Final answer:
The assumption of the same specific force at two sections of a channel does not guarantee that the specific energies are equal or that the channel is horizontal. While an assumption of negligible or zero friction is inherent in Bernoulli's equation, the channel's inclination is unrelated to the specific force condition.
Step-by-step explanation:
The question relates to the concept of specific force in fluid mechanics, particularly within open channel flow. The specific force is defined at a section as the force exerted by the fluid weight and the dynamic pressure force on a horizontal bed per unit width of the channel. When the specific force at two sections of a channel is the same, it implies certain conditions about the flow and the geometry of the channel.

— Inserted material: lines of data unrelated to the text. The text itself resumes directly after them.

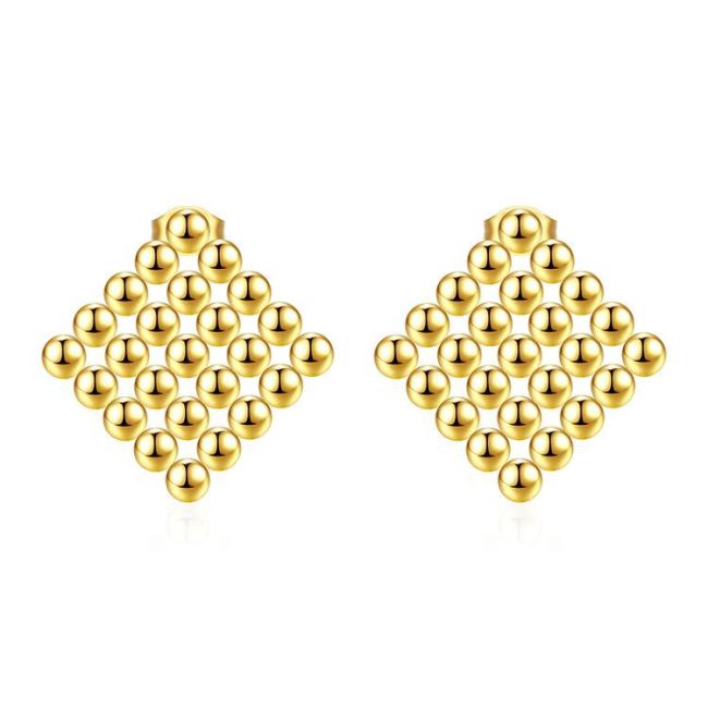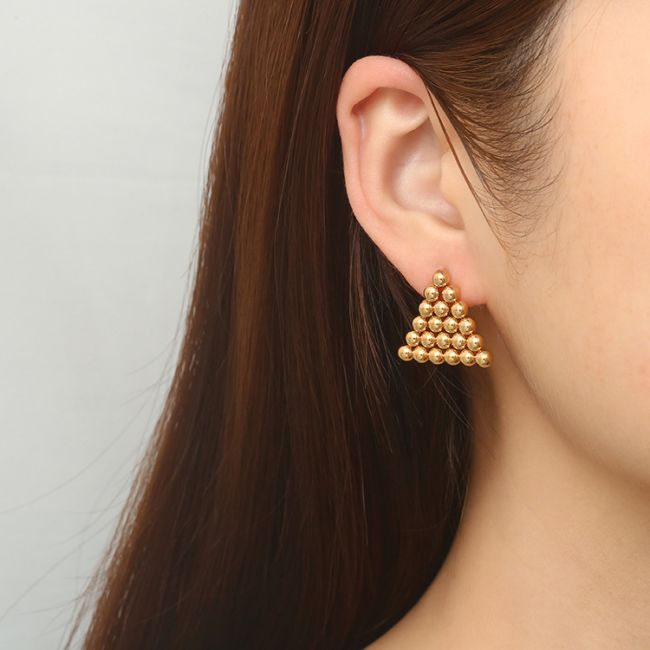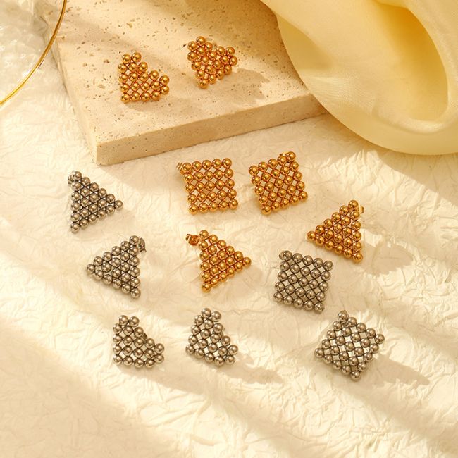 Geometric Beaded Stud Earrings - Stainless Steel Heart, Square & Triangle Designs
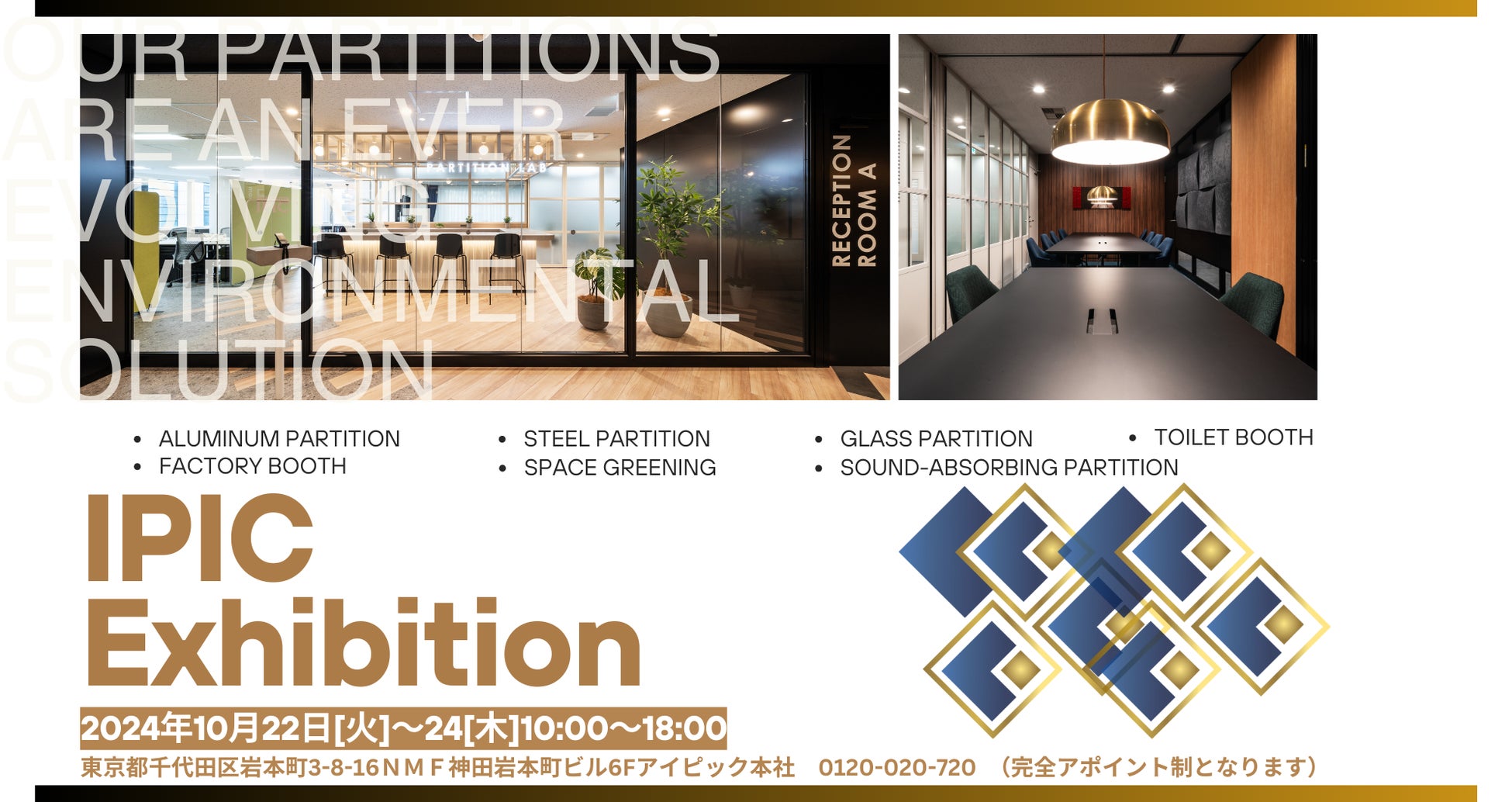 「アイピック株式会社は創業40周年の節目迎えました。パーティション専門メーカーとして、、より多くのお客様に向けて最新のサービスを提供していくことを目指し、新たなビジネスチャンスを切り拓いていくことを約束します。ぜひご来場ください。」
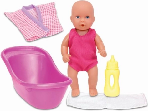 Dukken drikker og tisser er det ideelle legetøj for små forældre. Sættet indeholder badeudstyr, herunder flaske, lille badekar, håndklæde og badekåbe.

Option A suggests that the specific energies at the two sections are equal. However, having the same specific force does not necessarily mean that the specific energies are equal because the flow depth could be different at the two sections. Option B implies that the boundary friction is negligible or zero, which is a condition typically assumed in Bernoulli's equation application for an ideal fluid. Option C indicates that the channel is inclined, which is not directly related to the uniformity of specific force. Option D suggests that the channel is horizontal. This too is not necessarily implied by the uniform specific force, as an inclined channel could still meet this condition if the flow is steady and uniform.
To summarize, the assumption that the specific force at two sections is the same does not necessarily imply any of the options given completely, but option B regarding the boundary friction being negligible or zero is generally part of the assumptions used in the derivation of Bernoulli's equation, which relates to energy conservation in fluid flow.